The markets recovered quickly but I know my first thoughts were:

  1. Someone has shown just how fragile the markets are to any kind of news whether it’s real or not
  2. Someone just got very rich on this deal
  3. This won’t be the last time something like this happens

Well, the investigations are underway as to who might have profited from this scenario and if there was a connection between the incident and the any profits taken as a result of what’s known as “high frequency trading”.

The New York Times reported

Could the global economy hinge on 140 characters?

That is the question the financial industry and government regulators are trying to answer after a Twitter hoax on Tuesday that claimed President Obama was injured in an explosion at the White House. That report caused the Dow Jones industrial average to drop temporarily by 150 points, erasing $136 billion in market value.

How can such a thing happen? Well, decision made last month opened the door for something like this and it didn’t take long for someone to possibly use it to their advantage. the article continued

The vulnerability, in part, stems from the Securities and Exchange Commission’s decision this month to let companies and executives use social media sites like Twitter and Facebook to broadcast market-moving news.

Apparently the folks who are making these decision are a little bit disconnected from the realities of the online world. Just a quick study of SEO and black hat techniques used to gain traffic in a less than ethical or moral fashion could give a glimpse into the mindset of the online world.

Now multiply that mindset by, oh let’s say 136 billion, and you get what might be termed as ‘black hat social media’ at best and outright criminal activity at worst. It’s this straight-forward (which is not to be misconstrued as easy). Hack an account that can influence markets, put out some awful sounding ‘news’ that would tap into how markets REALLY work (emotion) and you have a formula for some serious situational buying and selling that could net a small (or huge) fortune in minutes. The possible wreckage in the aftermath? That’s for the commoners to clean up.

Honestly, of this was not foreseen as a possible scenario that would play out with the SEC’s decision last month then the folks in control are even dumber (or at least more ignorant) than most of us would assume.

As Internet marketers we have seen it for years where one piece of information, or misinformation, can have damaging short and long term impact on reputations which can ultimately crush a bottom line. Why should we act surprised when someone does it in the markets that are primed for this kind of thing due to their nearly fully electronic foundations?

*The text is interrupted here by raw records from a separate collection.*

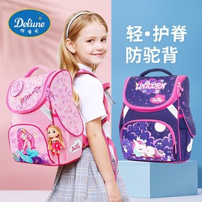 Delune卡通儿童书包 一二三年级男女童护脊减负小学生双肩包批发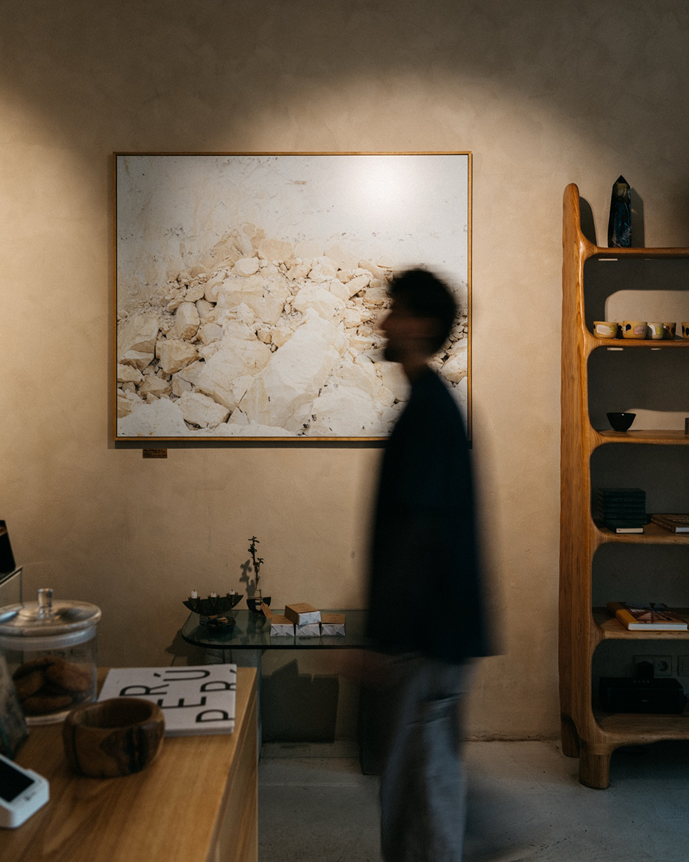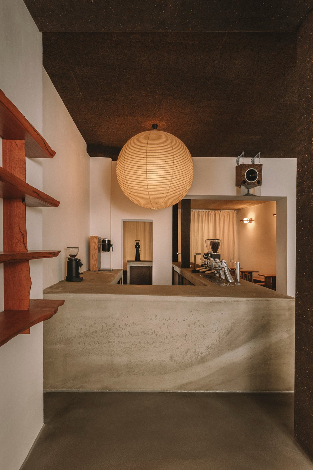 空間中央,現場澆築的混凝土吧台以粗獷的表面質地,與 La Marzocco Modbar 櫥下型咖啡機的金屬質感形成對比。家具選用里斯本品牌 Further THER 打造的低矮木製桌椅,其比例與細膩的工藝,呼應日本木作的內斂精神;點綴的野口勇 Akari 燈具則散發柔和光線,配上素色布簾、菌絲體聲學牆面與藝術品等細節,讓整體氛圍顯得安靜而富有層次。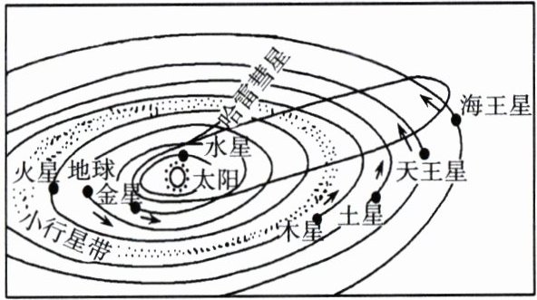 浩瀚宇宙中有许多美丽的星球,而地球是人类唯一的家园。读太阳系八大行星示意图,完成1~2题。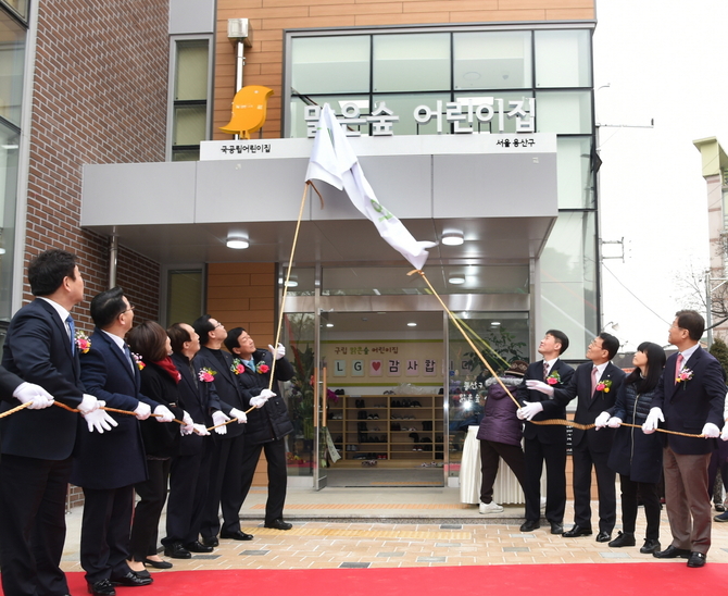 LG복지재단은 이날 서울 용산구 응봉근린공원 부지 내에 건립한 '구립 맑은숲 어린이집' 개원식을 가졌다.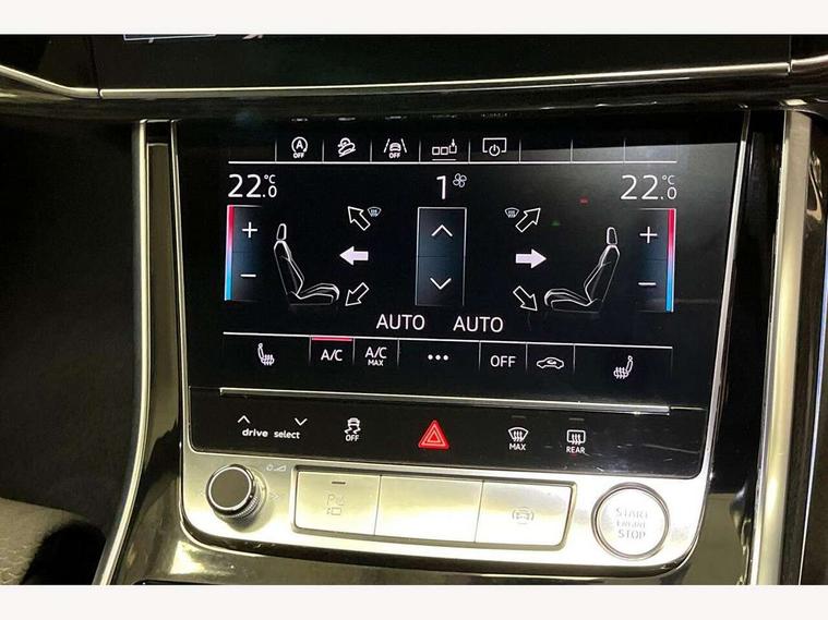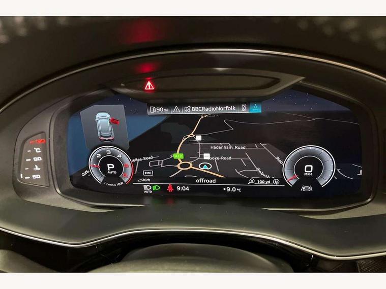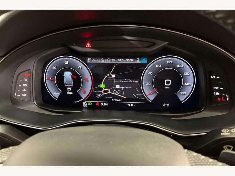 10.1" and 8.6" Dual colour touchscreens, Audi connect safety and service (e-call), Audi drive select, Audi lane departure warning, Audi phone box with wireless charging, Audi smartphone interface, Automatic start/stop system, Electro-mechanical PAS, Low washer fluid indicator, MMI - Multi Media Interface control system, MMI navigation plus with MMI touch, On board computer, Operating buttons in black, glass look with haptic feedback, Power operated tailgate, Rear view camera, Service interval indicator, Virtual cockpit, Voice control system, Adaptive air suspension, Diesel particulate filter, 2 USB ports, Audi music interface, Aux-in socket, DAB Digital radio, Acoustic windscreen, Auto dimming rear view mirror, Coming/leaving home lighting function, Electric front+rear windows, Electric/heated/folding door mirrors with memory, HD Matrix LED headlights with dynamic front and rear indicators, Headlight washers, Heat insulating glass, LED daytime running lights, LED signature DRL, Privacy glass, Rain and light sensors, Rear wiper, S line badges on front wings, S Line body styling, S line front and rear bumpers, air inlets and door trim strips, 4 way electrically adjustable lumbar support for drivers seat, 4 way electrically adjustable lumbar support for front passenger seat, 40:20:40 split folding rear bench seat, Black cloth headlining, Door sill trims with S line logo, Front centre armrest with storage compartment and angle adjustment, Front head restraints, ISOFIX on front passenger and rear outer seats, Luggage compartment sill protection in stainless steel, Rear centre armrest with 2 cupholders, Rear headrests, Self-locking centre differential, Stainless steel pedals, Sunvisors with illuminated vanity mirrors, Tool kit, Top tether anchor plate for isofix child seat, 3 point seatbelts on all seats, ABS, Curtain airbags, Driver and passenger airbags, EDL + ASR, Electromechanical parking brake, Electronic stability control, ESP, Front passenger airbag deactivation, Front side airbags, Hill descent control, Hill hold assist, Pre sense front, Predictive pedestrian protection, Seatbelt warning, Traction control, Tyre pressure monitoring system, Warning triangle and first aid kit, Anti theft alarm, Anti-theft wheel bolts and wheel loosening detection, Immobiliser, Keyless Go access/ignition system, Remote central locking, Tyre repair kit,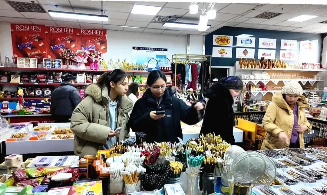 “为迎接新春佳节,我们提前几个月就开始备货,重点加大了中亚特色食品和日用品的备货量。春节期间,客流量明显增多,红酒、糖果、巧克力、蜂蜜等商品销量十分可观。我们持续优化服务,让顾客买得放心、逛得开心、用得安心。”胡雪说。

This should serve as a cautionary tale to to everyone but it won’t. Why? Because along with shorter attention spans of the Internet Age also comes much shorter memories. This ability to quickly forget things will only doom them to occur over and over again.

Doom and gloom? Maybe but I don’t really think so. It’s just common sense. There will always be criminals and when new avenues are opened for them to accomplish their chosen mission they will go down them. Why wouldn’t they?